Briefly, here are some other strengths of the course. First, we get to read Nehemiah! Never mind non-Christians, how many Christians have read Nehemiah even once? We even confront a passage from Ezekiel. The strength of an evangelistic tool based on biblical theology comes to the fore with the retelling of the Israel story from Abraham to the return from exile, as it both creates the context into which Jesus came, as well as showing us our place within Israel's own story. Right at the outset the Old Testament's critical role is displayed. TWWAW is simply emulating Jesus' method of "beginning with Moses and the prophets" in order to show the necessity of what the Christ had to suffer.

This build up of tension in the story is deliberate, allowing session six: We can enjoy God's new world because of Jesus, to create the denouement the narrative has been crying out for.

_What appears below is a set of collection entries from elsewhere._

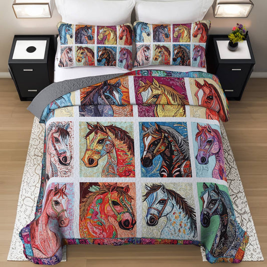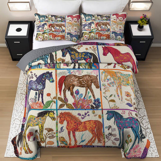 Horse All Season Quilt 3-Piece Set Colorful Horses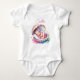 Personlig baby-t-shirt i ett stycke för flickors babyfest, skaffa en till alla i familjen så att de känner sig speciella. Söt mjuk pastellrosa, korall, teal, blå och guld kustnära sjötema baby shower tema. En liten babyflicka som sover inuti en snäcka och guld sjöskal. Vackra fantasifulla akvarelltropiska blommor. Akvarell sjöhästar, sanddollar, tropiska blommor och sjöstjärna.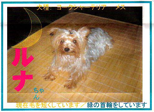どんな情報でも良いです。ルナちゃに関する情報がありましたら直接飼い主さんにメールで教えてあげて下さい。宜しくお願いいたします。m(_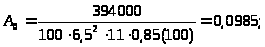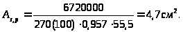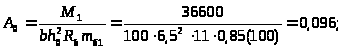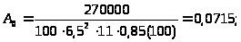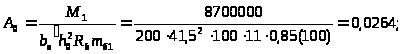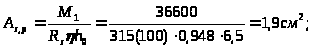 по [2, стр. 38, прил. III, табл. 3] определяется h=0,975; x=0,05; вычисляется площадь сечения растянутой арматуры

A second major strength of the course is the centrality of the church. This is no individualistic "God's got a really good plan for your life" approach, but rather a calling to become part of the only society that will inherit God's new world. All too often many pastors who have a thorough grounding in biblical theology miss the vital link between the new world and the new people. The result is privatized sermon applications that do not do justice to the corporate nature of the text.

I particularly liked the manner in which God's people are described in session seven as "a waiting community, a proclaiming community, a loving community." It's been reported recently that many people on the street are cool with Jesus, but have a problem with the church. TWWAW demonstrates that you can't have the bridegroom without his bride, nipping that particular problem in the bud. No one taking part in the course will be under the misapprehension that the church is a side-serve to the main dish.

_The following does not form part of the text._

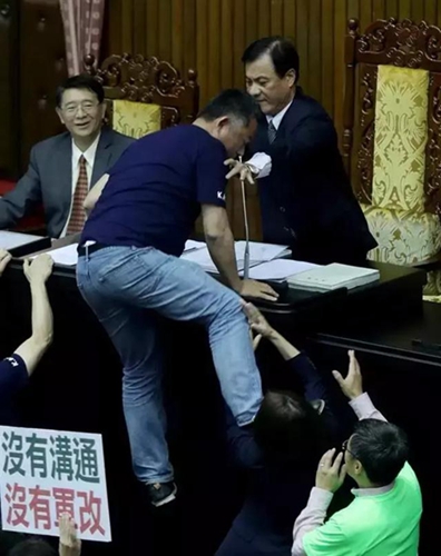 過程中,國民黨“立委”許毓仁一度被民進黨“立委”鐘佳濱推倒,因撞到頭被送往臺大醫院急診。不僅如此,就連“立法院長”蘇嘉全也罕見卷入戰局,出手把準備爬上主席臺的“藍委”楊鎮浯推落,引發外界質疑“‘議長’中立已死”“蘇嘉全此舉,就是要為民進黨保駕護航”。

On a stylistic level TWWAW is approachable and clear. The graphics, layout, and questions give non-readers a good chance of retaining the information more readily than a course containing chunks of Old Testament narrative and prophesy, not to mention Apocalyptic literature, might at first suggest. I know of at least one group using it with those whose first language is not English.

The leaders' notes are helpful, especially to any who are new to the idea of biblical theology as a base-level evangelistic tool. The method of teaching is interactive, suiting small group and one-on-one evangelism. Indeed one of the stated aims of the format is to ensure enough time is given to building relationships with those doing the course, so they can see what the Christian faith looks like in action.

Finally, it is a great tool to use for those Christians who have never been introduced to biblical theology. By showing the centrality and import of the whole story TWWAW begs the question, Why are so many Christians so impoverished in their understanding of, and their passion for, the biblical narrative? The answer surely lies in the fact that unless you understand fully that Jesus is the one to whom the whole Bible points then your heart won't burn within you as fiercely as it should.

And if there is one thing I want for Phil, it's that his heart would have a burning desire for Jesus.